Hey Staylor, glad you landed here -- you're among friends who understand the intensity of a relationship with a pwBPD (person with BPD).
You've certainly been through the wringer over the last four years, and much of your story sounds so relatable here -- the amazing beginning, the fast pace, a few red flags, an event (or a couple of events) that seemed to set off more intense BPD-type traits and behaviors, her blame, risky behaviors, and wildly varying emotions... all with what sounds like if not actual substance abuse, then risky use of alcohol and drugs. It makes a lot of sense that you're kind of left standing in the wreckage wondering "so what do I do now".
Couple of things are standing out to me in your story:
Although DBT has helped her regulate her emotions, its obvious that her BPD is still pretty sever...
It sounds like you accept that even though she has tried some BPD-specific treatment, she still has some pretty extreme acting out behaviors -- that she does not seem to be actively applying the lessons of DBT in a way that significantly impacts her risky choices.
and
I guess my main concern is she's making radical life changes in a state of being unwell... it's more the kids I'm worried about than me...
How old are the kids? How have they responded to their mom's actions? And is their dad in their life at all?
...
You're in a high-intensity situation right now, and she doesn't sound anywhere close to a baseline where she can hear and process rational input. That's one of the very challenging parts of being in a relationship with pwBPD -- when they're dysregulated, there isn't a ton we can do to "help" or "explain" or "fix it". Even though in a "generally normal" relationship, in a conflict, if we offered to help, or explained the situation, etc, that might help lower the emotional temperature, it's unintuitively the opposite with pwBPD. In times of conflict and dysregulation, usually
Justifying, Arguing, Defending, and Explaining ourselves is like throwing gasoline on a fire.
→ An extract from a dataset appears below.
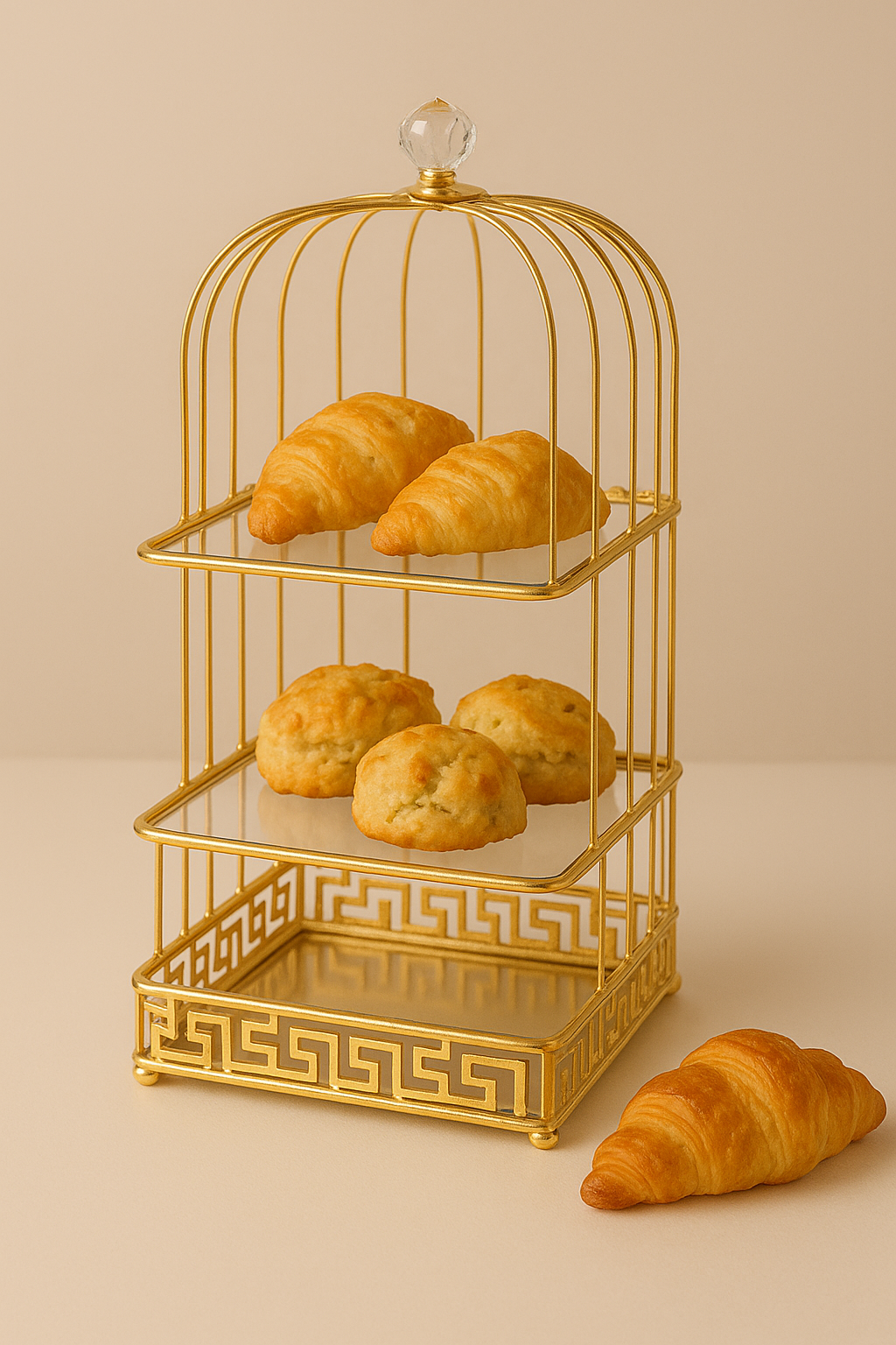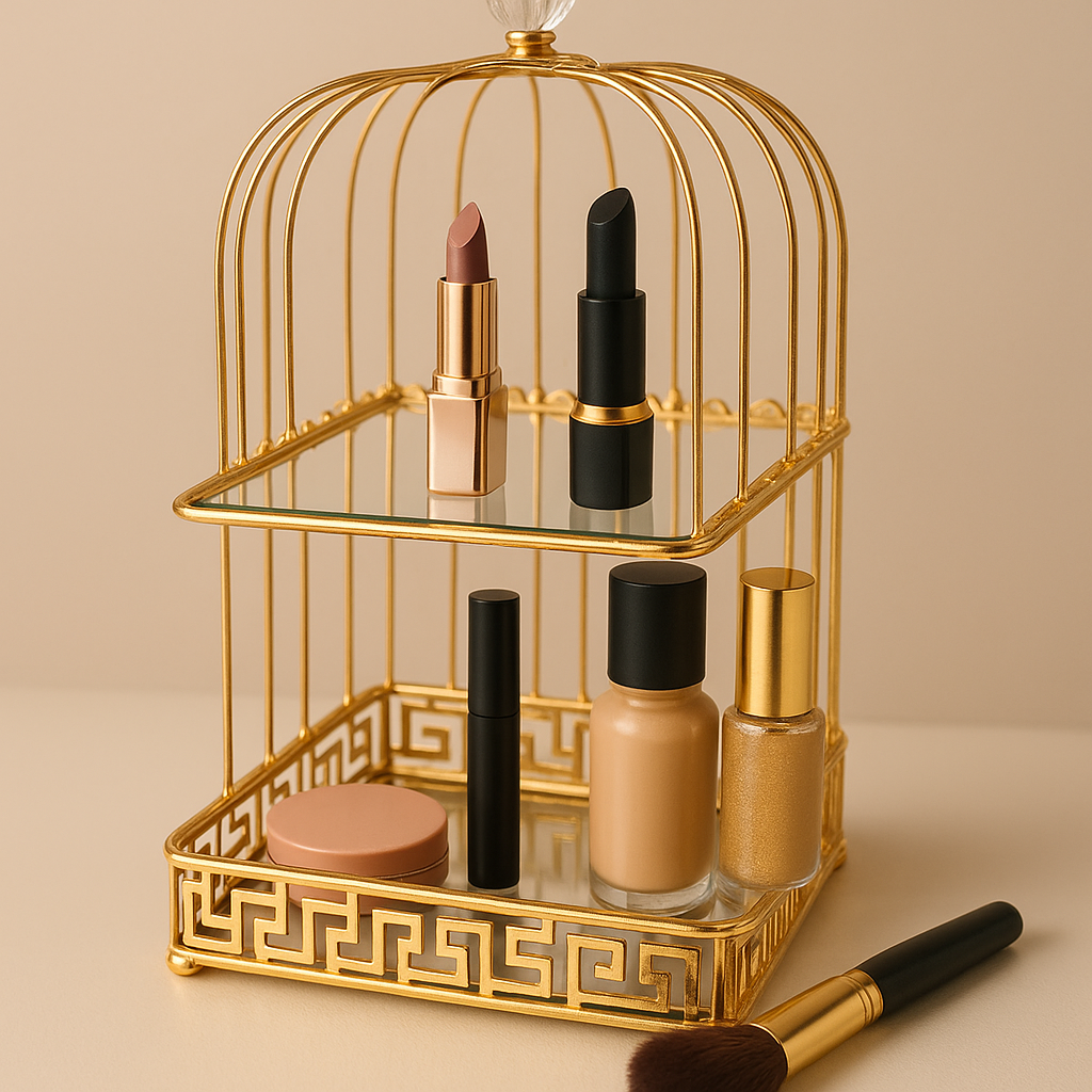 Add a touch of sophistication to your vanity with this Luxury Golden Birdcage Makeup Organizer. Crafted from premium metal with a radiant gold finish, this two-tier organizer combines elegance and functionality. The mirrored glass shelves provide a luxurious display space for lipsticks, foundations, perfumes, or jewelry, while the intricate geometric detailing enhances its decorative charm.

The most rational reasons we give pwBPD, instead of making things better or helping them make wiser choices, can sometimes increase the intensity of the conflict.
So, in high-intensity situations, where we want so much to make things better, often a more helpful approach is to look at ways we can "stop making it worse" (not to say it's all our fault! More to say -- we only control our own contributions to the conflict, so we can look at moves we're making and decide to try different approaches to turn down the intensity).
There are a lot of good starting places in our "Tools" section up top; any one of the articles would be a fantastic read. You can try the one on
Don't Be Invalidating for starters -- it kind of relates to the idea that in order to not make things worse in our relationships, we need to move away from the invalidation of Explaining stuff to partners and towards helping partners feel truly heard.
Again, none of this is to say "well it's your fault for XYZ" -- not at all. It's really about how having a relationship with a pwBPD can take deeply nonintuitive skills and approaches.
I hear how much anguish you're in as you watch her self-destruct, and I'm reading how you're willing to try nearly everything to better your relationship. While there are no guarantees, and she is struggling with some intense traits and behaviors, you can come here and learn some counter-intuitive tools and work on your side of things. Sometimes, when one partner changes an approach, it can impact the relationship dynamic for the better.
Staylor, feel free to settle in, read other threads, check out the Tools and Tips section above, and let us know how you're doing.